Binalar da okunur mu demeyin!

Binalar da okunur mu demeyin!
Pek çok Anadolu şehri, yüzyıllar evvel misafir ettiği medeniyetlerden izler taşır. Antik kentler, tiyatrolar, su kemerleri, kiliseler, sarnıçlar ve çeşit çeşit binalar...
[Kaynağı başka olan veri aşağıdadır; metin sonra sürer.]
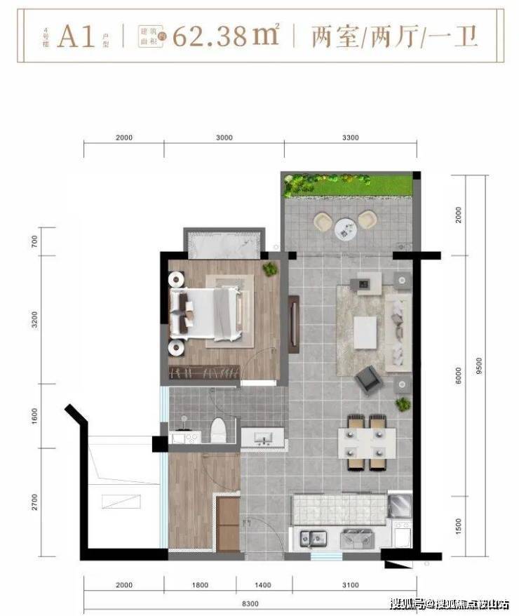 ✨4楼 A1户型约62㎡精致两房两厅一卫

Mimarlık bilgisi olmayan pek çokları için bu binaların hepsi aynı dönemin özelliklerini taşırcasına birbirine benzer. Zira mimarlık eğitimi almamış sıradan vatandaşlar olarak, lise yıllarında kazara yolumuzun düştüğü sanat tarihi dersinden kalma 'barok' ve 'gotik' tabirlerinin ötesinde değildir bilgimiz. YEM Yayın'ın Türkçeye kazandırdığı 'Binalar Nasıl Okunur?' adlı kitap, Antik Yunan'dan itibaren farklı çağlara ait binaların ayırt edici özelliklerini inceliyor. Carol Davidson Cragoe tarafından yazılan kitap, gezintiye çıkarken sürekli yanınızda taşıyabileceğiniz türden. Her gün yüzlerce binanın önünden geçerken, bu binaların bazılarının farklı ya da özel olduklarını anlarsınız, fakat hangi açıdan farklıdır? Ne zaman ve ne için inşa edilmiştir? 'Binalar Nasıl Okunur?', tam da bu noktada binaları anlamanıza yardımcı oluyor. Peki, binaları 'okumak' nasıl oluyor diyebilirsiniz. Şüphesiz, bina yapma sanatı olarak mimarlığın da kendine ait bir dili var. Başlamak için temel bileşenleri anlamanız gerekiyor, bir kere dilin yapısını kavradınız mı her şeyi okuyabilirsiz. Kitapta binaları oluşturan malzemeler, kemer, tonoz, kubbe, kule, kapı ve pencere gibi yapı unsurları başlı başına bölümlerde anlatılıyor. Her bir bölümde öncelikle, yapıların kendi içerisinde gösterdiği çeşitliliğe değiniliyor. Sonrasında ise her birinin tarih boyunca geçirdiği dönüşümlerin izi sürülüyor. Romanesk, Rönesans, Klasik, Neoklasik, Gotik, Barok, Rokoko, Erken Hıristiyan, Yunan, Roma veya Modern tarzların hangisinde, kapıların, pencerelerin, asma kemerlerin, çıkma kulelerin sütunların nasıl şekiller ve üslup özellikleri kazandıkları görseller eşliğinde anlatılıyor. Bol görselli kitapta kullanılan gravürler sayesinde, okuyucu anlatılanları örnekleri üzerinden öğrenmiş oluyor. Kitap, 2008 yılından bu yana 15 dile çevrildi ve tüm dünyada 120 binin üzerinde satış rakamına ulaştı. Pelin Derviş'in Türkçeye çevirdiği kitabın editörlüğünü ise Bahar Demirhan yapıyor.